===== RECORDED INFORMATION
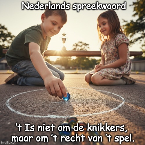 Afbeelding: Peter van Geest AI. Betekenis 🎯:Kern: Het gaat niet om de opbrengst/winst (“de knikkers”), maar om het principe, de regels en de eerlijkheid waarmee gespeeld of gehandeld wordt (“het recht van ’t spel”). Nuance: “…om het spel” = nadruk op het proces/mee doen. “…om het recht van ’t spel” = nadruk op fair play, rechtsstatelijke / procedurele zuiverheid. Oorsprong 📜: Het is een Nederlandse zegswijze die uit het kinderbeeld van knikkeren stamt: niet de buit (knikkers) telt, maar het eerlijk volgen van de spelregels. De variant met “het recht van ’t spel” is vooral in de 20e eeuw populair geworden in politieke en juridische contexten om te benadrukken dat procedures en rechtsstatelijke waarborgen zwaarder wegen dan kortetermijnresultaten. Er is geen vaststaande eerste bron of gedocumenteerde “eerste gebruik” in druk; de uitdrukking circuleert al decennialang in varianten. Auteur / Toeschrijving 👤: Geen eenduidige, verifieerbare auteur. Het geldt als een gemeenzame uitdrukking/gezegde. In politieke en juridische toespraken is het vaker aangehaald; het wordt soms aan verschillende politici of juristen toegeschreven, maar zonder harde primaire bron. Kortom: geen definitieve auteur bekend. Varianten en nuance 🧩:“Het gaat niet om de knikkers, maar om het spel.” (algemeen, focus op deelnemen / proces) “Het gaat niet om de knikkers, maar om het recht van ’t spel.” (specifieker, focus op eerlijkheid en rechtsbeginselen). Nabije betekenis: “Het gaat om het principe, niet om de opbrengst.”Gebruik in context 💬:Politiek/juridisch: discussies over procedures, democratische spelregels, due process. Sport: het belang van fair play boven winnen tegen elke prijs. Onderwijs/werk: integriteit en naleving van regels boven alleen targets halen. Vertaling 🌍: Letterlijk (EN): “It’s not about the marbles, but about the right/fairness of the game.” Idiomatisch (EN): “It’s not about the spoils, but about fair play” / “It’s the principle and the rules that matter, not the takings.”
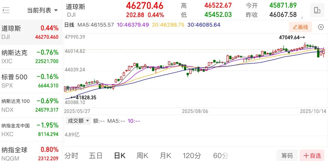 当地时间10月14日,美股三大指数低开后震荡回升,尾盘小幅跳水,最终收盘涨跌不一,道指涨0.44%报46270.46点,标普500指数跌0.16%报6644.31点,纳指跌0.76%报22521.7点。
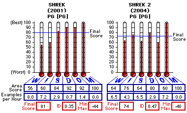 ![]() (2004), PG -- Shrek 2 is not only darker than the Shrek of 2001 , it is not as funny. ![]() Cast/Crew Details Courtesy Internet Movie Database Production (US): DreamWorks SKG, Pacific Data Images Distribution (US): DreamWorks Distribution LLC Director(s): Andrew Adamson, Kelly Asbury, Conrad Vernon Producer(s): Jeffrey Katzenberg, David Lipman, Aron Warner, John H. Williams Characters: William Steig Screenplay: J. David Stem, Joe Stillman, David N. Weiss Music: Stephen Barton, Harry Gregson-Williams, David Bowie, Kathleen Brennan, Christopher Carrabba, Nick Cave, Desmond Child, Steven Greenberg, Robby Rosa, Pete Shelley, Jim Steinman, Tom Waits Film Editing: Michael Andrews Production Management: Tony Cosanella, Jennifer Dahlman, Philip R. Garrett Costume Design: Isis Mussenden Art Department: Steven E. Gordon, John Stevenson Viewed At: Driftwood Theater 6 From flatulence by both Shrek (Mike Myers) and Fiona (Cameron Diaz) in a mud bath to a beach scene from Here to Eternity where Fiona feeds a mermaid to the sharks for bumping her off Shrek in a wave, we are witness to the wedded bliss between Shrek and Fiona following their escapades of self-discovery in the Shrek of 2001. All manner of honeymoon joys are shared by the perky pair. Now it is time to "Meet the Parents." Her parents. Fiona's parents, King Harold (John Cleese) and Queen Lillian (Julie Andrews) in Far, Far Away (700 miles far, far away) sent a formal invitation to the nuptial pair in their swamp paradise. Shrek is not at all comfortable with the idea of meeting Fiona's parents. Fiona is a princess. Daughter in royalty. Shrek is an ogre. Shrek is certain that being an ogre will be a barrier to social success and familial harmony with her parents. After Shrek puts his foot down to Fiona dictating they are NOT going, it is off to Far Far Away ... with donkey (Eddie Murphy) to keep Shrek and Fiona company, asking "Are we there yet" about every mile or so. And popping his lips about ever other nerve. Recall Los Angeles and the famous "Hollywood" sign on the hill and you will have the picture of Far Far Away, complete with stretch limo-carriages and sprawling mansions with "Rapunzel" and "Cinderella" emblazoned in wrought iron above the ranch-size gates. King Harold is less than cordial while Queen Lillian is the peace-keeper and compromise-maker. But as much as Lillian and Fiona try to smooth the relationship between Shrek and King Harold, friction rules. Shrek and Fiona are married and there is nothing King Harold can do about it. But the fairy godmother - err - fairy witch (Jennifer Saunders) can. She has plans for her son, Prince Charming (Rupert Everett) and Fiona. The witch wants her son to steal Fiona and will stoop to forcing King Harold to hire hit man, Puss-in-Boots (Antonio Banderas) to kill Shrek to get her way. Yes, to kill Shrek. Now starts the battle. A battle between the fairy godmother witch, King Harold and Shrek. The witch uses every manner of concoction, potion and incantation to witch Fiona away from Shrek [Rev. 21:8]. Shrek 2 is not only darker than the Shrek of 2001 , it is not as funny. Nor does it have as much to say as the Shrek of 2001. Shrek 2 is funny in a few places but all too often it tries to be funny with crude and rude, even vulgar humor such as having Pinocchio do the "Michael Jackson" dance and grab his privates while doing a pelvic thrust. [Eph. 5:4] Another instance is Puss-in-Boots licking his privates twice while purring. And these two scenes are not just of a cat. Once an animated character, even an animal is personified with a human personality communicating as a human the character stops being just a cartoon character to the young viewer. Yet one more example of vulgar humor is Pinocchio admitting to wearing women's thong underwear. Maybe the "kinky" of that will make no sense to the very young, depending on their level of experiential development, but the imagery or idea is still planted, lending to becoming desensitized to such sexually immoral habits [Deut. 22:5]. As I've said before folks, I didn't write the movie. If this stuff sounds vulgar to you here in print, wait until you see it in the movie. Harvard educated child developmental expert and psychology professor Dr. Karen Nelson and practicing counselor Dr. Larry Gilliam agree with me that it would be unusual for even a 16 year old to be able to fully separate fantasy from reality or to fully anticipate the consequences of his/her actions. This movie is targeted at a much younger audience than 16. And examples of behavior and imagery such as the ones above stick with your kids, folks. They remember it. Often for life. Don't you still remember Bambi and when his mother was shot? This is all too bad, too. Shrek 2 is the most astounding computer animation I have ever seen. The level of detail and attention to it is exemplary. And there is much more to the story but since this analysis is being posted on opening day, I do not want to spoil the film for you any more than I already have. But I do ask that you please read the listing in the Findings/Scoring section for yourself before deciding whether to take your little ones to see this film. For your information, a comparative betweent the Shrek of 2002 and this Shrek 2 is provided below. ![]()
==========
**TASK DIRECTIONS**
Return all of the data exactly as written, and drop the pictures.

**EXERCISE ANSWER**
 Afbeelding: Peter van Geest AI. Betekenis 🎯:Kern: Het gaat niet om de opbrengst/winst (“de knikkers”), maar om het principe, de regels en de eerlijkheid waarmee gespeeld of gehandeld wordt (“het recht van ’t spel”). Nuance: “…om het spel” = nadruk op het proces/mee doen. “…om het recht van ’t spel” = nadruk op fair play, rechtsstatelijke / procedurele zuiverheid. Oorsprong 📜: Het is een Nederlandse zegswijze die uit het kinderbeeld van knikkeren stamt: niet de buit (knikkers) telt, maar het eerlijk volgen van de spelregels. De variant met “het recht van ’t spel” is vooral in de 20e eeuw populair geworden in politieke en juridische contexten om te benadrukken dat procedures en rechtsstatelijke waarborgen zwaarder wegen dan kortetermijnresultaten. Er is geen vaststaande eerste bron of gedocumenteerde “eerste gebruik” in druk; de uitdrukking circuleert al decennialang in varianten. Auteur / Toeschrijving 👤: Geen eenduidige, verifieerbare auteur. Het geldt als een gemeenzame uitdrukking/gezegde. In politieke en juridische toespraken is het vaker aangehaald; het wordt soms aan verschillende politici of juristen toegeschreven, maar zonder harde primaire bron. Kortom: geen definitieve auteur bekend. Varianten en nuance 🧩:“Het gaat niet om de knikkers, maar om het spel.” (algemeen, focus op deelnemen / proces) “Het gaat niet om de knikkers, maar om het recht van ’t spel.” (specifieker, focus op eerlijkheid en rechtsbeginselen). Nabije betekenis: “Het gaat om het principe, niet om de opbrengst.”Gebruik in context 💬:Politiek/juridisch: discussies over procedures, democratische spelregels, due process. Sport: het belang van fair play boven winnen tegen elke prijs. Onderwijs/werk: integriteit en naleving van regels boven alleen targets halen. Vertaling 🌍: Letterlijk (EN): “It’s not about the marbles, but about the right/fairness of the game.” Idiomatisch (EN): “It’s not about the spoils, but about fair play” / “It’s the principle and the rules that matter, not the takings.”
 当地时间10月14日,美股三大指数低开后震荡回升,尾盘小幅跳水,最终收盘涨跌不一,道指涨0.44%报46270.46点,标普500指数跌0.16%报6644.31点,纳指跌0.76%报22521.7点。
 ![]() (2004), PG -- Shrek 2 is not only darker than the Shrek of 2001 , it is not as funny. ![]() Cast/Crew Details Courtesy Internet Movie Database Production (US): DreamWorks SKG, Pacific Data Images Distribution (US): DreamWorks Distribution LLC Director(s): Andrew Adamson, Kelly Asbury, Conrad Vernon Producer(s): Jeffrey Katzenberg, David Lipman, Aron Warner, John H. Williams Characters: William Steig Screenplay: J. David Stem, Joe Stillman, David N. Weiss Music: Stephen Barton, Harry Gregson-Williams, David Bowie, Kathleen Brennan, Christopher Carrabba, Nick Cave, Desmond Child, Steven Greenberg, Robby Rosa, Pete Shelley, Jim Steinman, Tom Waits Film Editing: Michael Andrews Production Management: Tony Cosanella, Jennifer Dahlman, Philip R. Garrett Costume Design: Isis Mussenden Art Department: Steven E. Gordon, John Stevenson Viewed At: Driftwood Theater 6 From flatulence by both Shrek (Mike Myers) and Fiona (Cameron Diaz) in a mud bath to a beach scene from Here to Eternity where Fiona feeds a mermaid to the sharks for bumping her off Shrek in a wave, we are witness to the wedded bliss between Shrek and Fiona following their escapades of self-discovery in the Shrek of 2001. All manner of honeymoon joys are shared by the perky pair. Now it is time to "Meet the Parents." Her parents. Fiona's parents, King Harold (John Cleese) and Queen Lillian (Julie Andrews) in Far, Far Away (700 miles far, far away) sent a formal invitation to the nuptial pair in their swamp paradise. Shrek is not at all comfortable with the idea of meeting Fiona's parents. Fiona is a princess. Daughter in royalty. Shrek is an ogre. Shrek is certain that being an ogre will be a barrier to social success and familial harmony with her parents. After Shrek puts his foot down to Fiona dictating they are NOT going, it is off to Far Far Away ... with donkey (Eddie Murphy) to keep Shrek and Fiona company, asking "Are we there yet" about every mile or so. And popping his lips about ever other nerve. Recall Los Angeles and the famous "Hollywood" sign on the hill and you will have the picture of Far Far Away, complete with stretch limo-carriages and sprawling mansions with "Rapunzel" and "Cinderella" emblazoned in wrought iron above the ranch-size gates. King Harold is less than cordial while Queen Lillian is the peace-keeper and compromise-maker. But as much as Lillian and Fiona try to smooth the relationship between Shrek and King Harold, friction rules. Shrek and Fiona are married and there is nothing King Harold can do about it. But the fairy godmother - err - fairy witch (Jennifer Saunders) can. She has plans for her son, Prince Charming (Rupert Everett) and Fiona. The witch wants her son to steal Fiona and will stoop to forcing King Harold to hire hit man, Puss-in-Boots (Antonio Banderas) to kill Shrek to get her way. Yes, to kill Shrek. Now starts the battle. A battle between the fairy godmother witch, King Harold and Shrek. The witch uses every manner of concoction, potion and incantation to witch Fiona away from Shrek [Rev. 21:8]. Shrek 2 is not only darker than the Shrek of 2001 , it is not as funny. Nor does it have as much to say as the Shrek of 2001. Shrek 2 is funny in a few places but all too often it tries to be funny with crude and rude, even vulgar humor such as having Pinocchio do the "Michael Jackson" dance and grab his privates while doing a pelvic thrust. [Eph. 5:4] Another instance is Puss-in-Boots licking his privates twice while purring. And these two scenes are not just of a cat. Once an animated character, even an animal is personified with a human personality communicating as a human the character stops being just a cartoon character to the young viewer. Yet one more example of vulgar humor is Pinocchio admitting to wearing women's thong underwear. Maybe the "kinky" of that will make no sense to the very young, depending on their level of experiential development, but the imagery or idea is still planted, lending to becoming desensitized to such sexually immoral habits [Deut. 22:5]. As I've said before folks, I didn't write the movie. If this stuff sounds vulgar to you here in print, wait until you see it in the movie. Harvard educated child developmental expert and psychology professor Dr. Karen Nelson and practicing counselor Dr. Larry Gilliam agree with me that it would be unusual for even a 16 year old to be able to fully separate fantasy from reality or to fully anticipate the consequences of his/her actions. This movie is targeted at a much younger audience than 16. And examples of behavior and imagery such as the ones above stick with your kids, folks. They remember it. Often for life. Don't you still remember Bambi and when his mother was shot? This is all too bad, too. Shrek 2 is the most astounding computer animation I have ever seen. The level of detail and attention to it is exemplary. And there is much more to the story but since this analysis is being posted on opening day, I do not want to spoil the film for you any more than I already have. But I do ask that you please read the listing in the Findings/Scoring section for yourself before deciding whether to take your little ones to see this film. For your information, a comparative betweent the Shrek of 2002 and this Shrek 2 is provided below. ![]()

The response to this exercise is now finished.